Bioequivalence data arising from a two-period crossover trial are routinely analyzed in an attempt to establish equivalence of the population means of a characteristic of the blood level curve, e.g., AUC, for each formulation. Current methods proposed only address equivalence of the formulation means, while both between subject (intersubject) and within subject (intrasubject) variations are often neglected and assumed to be equal for each formulation. Moreover, extended period crossover designs are usually recommended for estimating intersubject and intrasubject variability for each formulation. These designs can be lengthy, time-consuming, and costly when compared to the usual two-period crossover design.

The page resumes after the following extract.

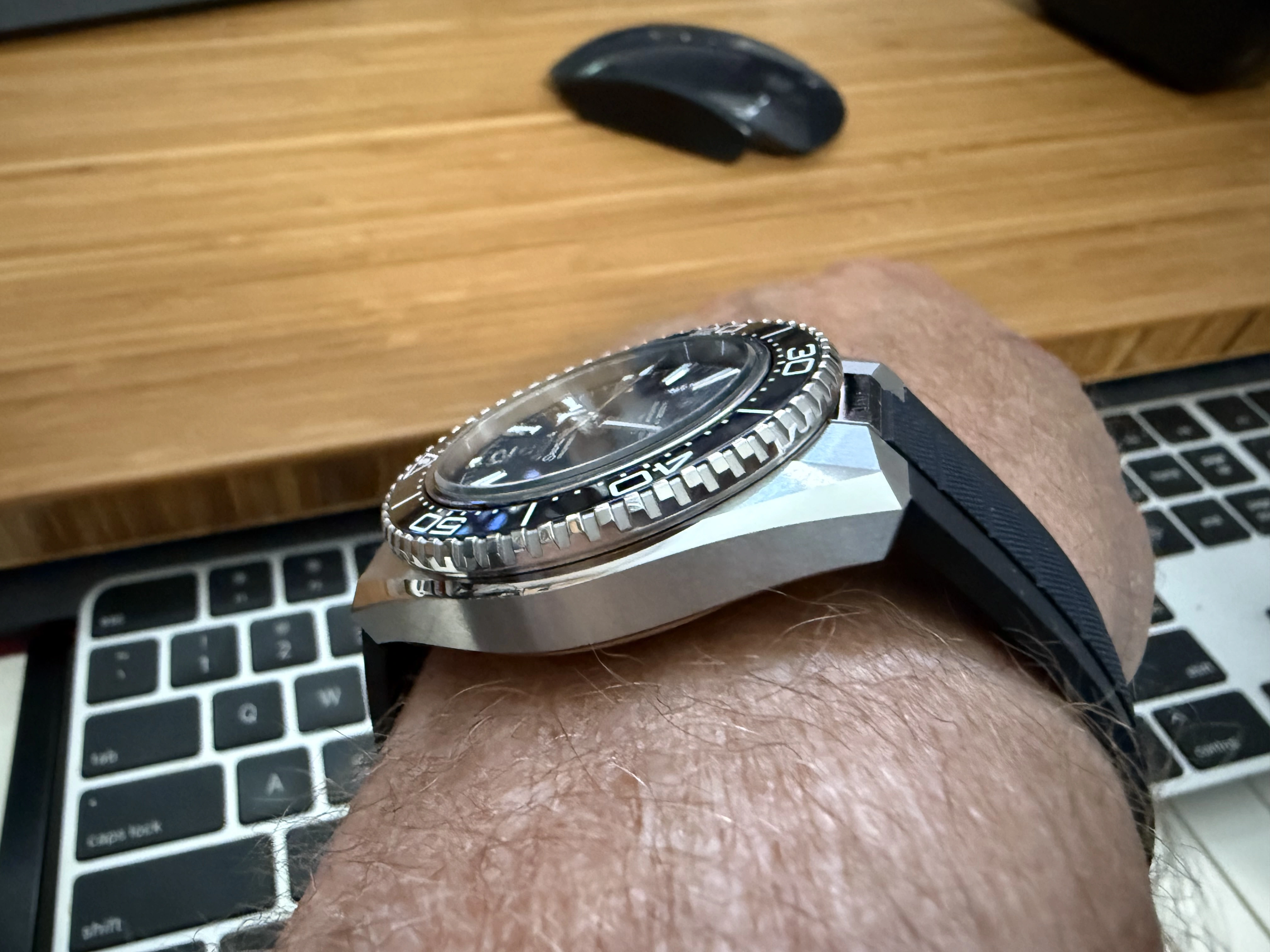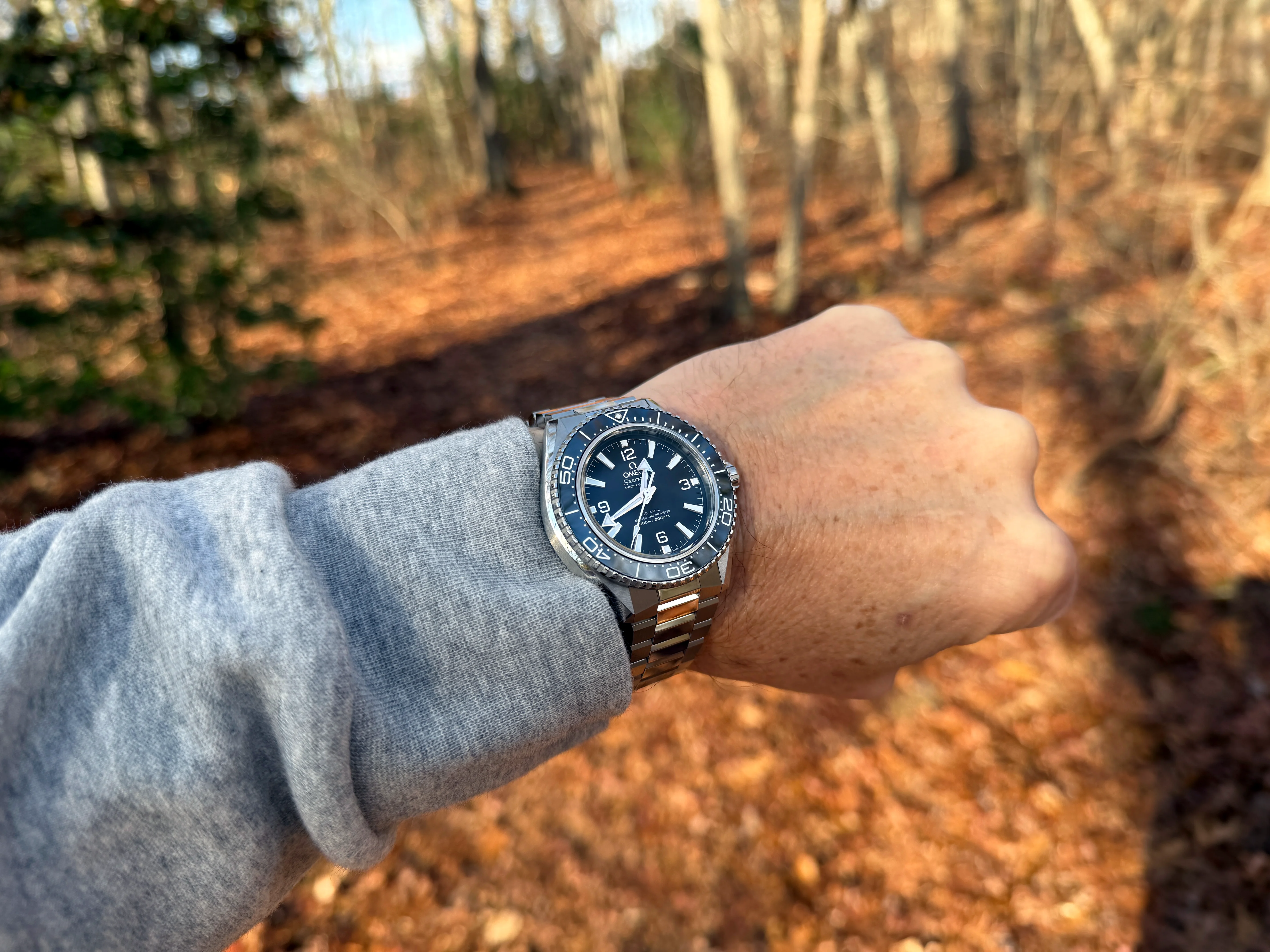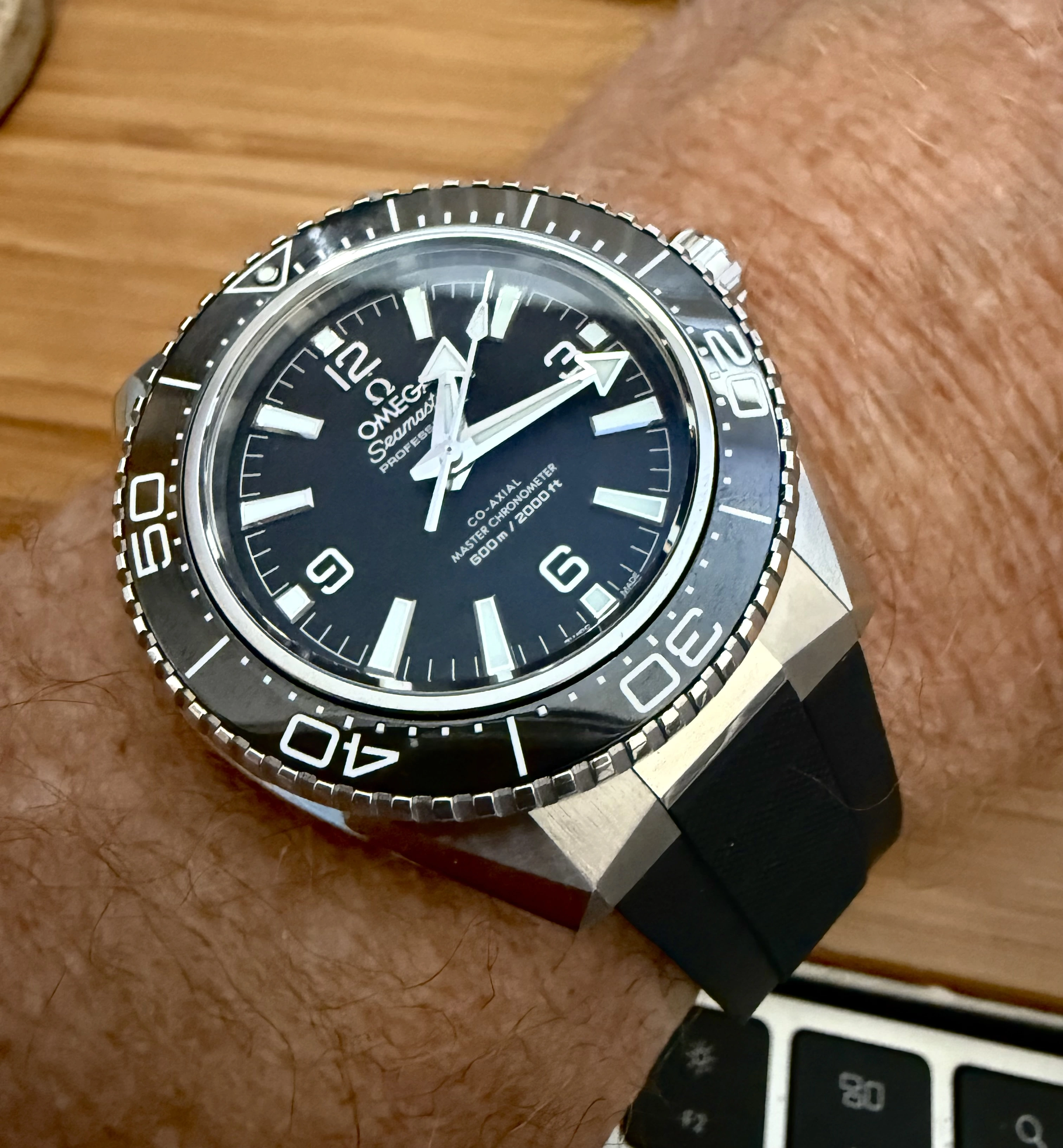·It can look that way because it's a matte black, it has a tendency to absorb the light, rather than reflect it. The sub has a very glossy dial and reflects the light However, the Planet Ocean will only look like that when it is hit with very bright, direct light. All other times it looks dark black. I like the matte black ability to have different looks depending on the lighting. As you can see in this pic, the dial looks dark black, even though its in the afternoon and no clouds in the sky. When I get a chance I will take a few pics outside, side by side, with the sub.

Methods for estimating intersubject and intrasubject variability separately for both the reference and test formulations in a two-period crossover bioequivalence trial are presented. Assuming an underlying linear structural relationship of the response on the test formulation to that of the reference formulation, it is shown that separate estimates of intersubject and intrasubject variability may be obtained using the method of maximum likelihood. An approximate large sample (1-2$\alpha$)100% confidence interval for the ratio of the intersubject standard deviations is presented. The estimated coverage probability of the approximate interval is studied via simulation. Application of the methods are illustrated with data from an actual bioequivalence trial.

A new two-step decision rule which takes into account intersubject variability is considered. The two steps consist of (1) applying the current 90% parametric confidence interval method for equivalence of population means and (2) applying a 90% approximate confidence interval method for equivalence of population (intersubject) standard deviations. The ratio of the population standard deviations is shown to be the slope of the linear structural relationship. Bioequivalence is concluded if and only if both (1) and (2) result in an equivalence claim. The consumer risk of erroneously accepting bioequivalence and power of the two-step decision rule are computed via simulation. The new decision rule is applied on data from an actual bioequivalence trial.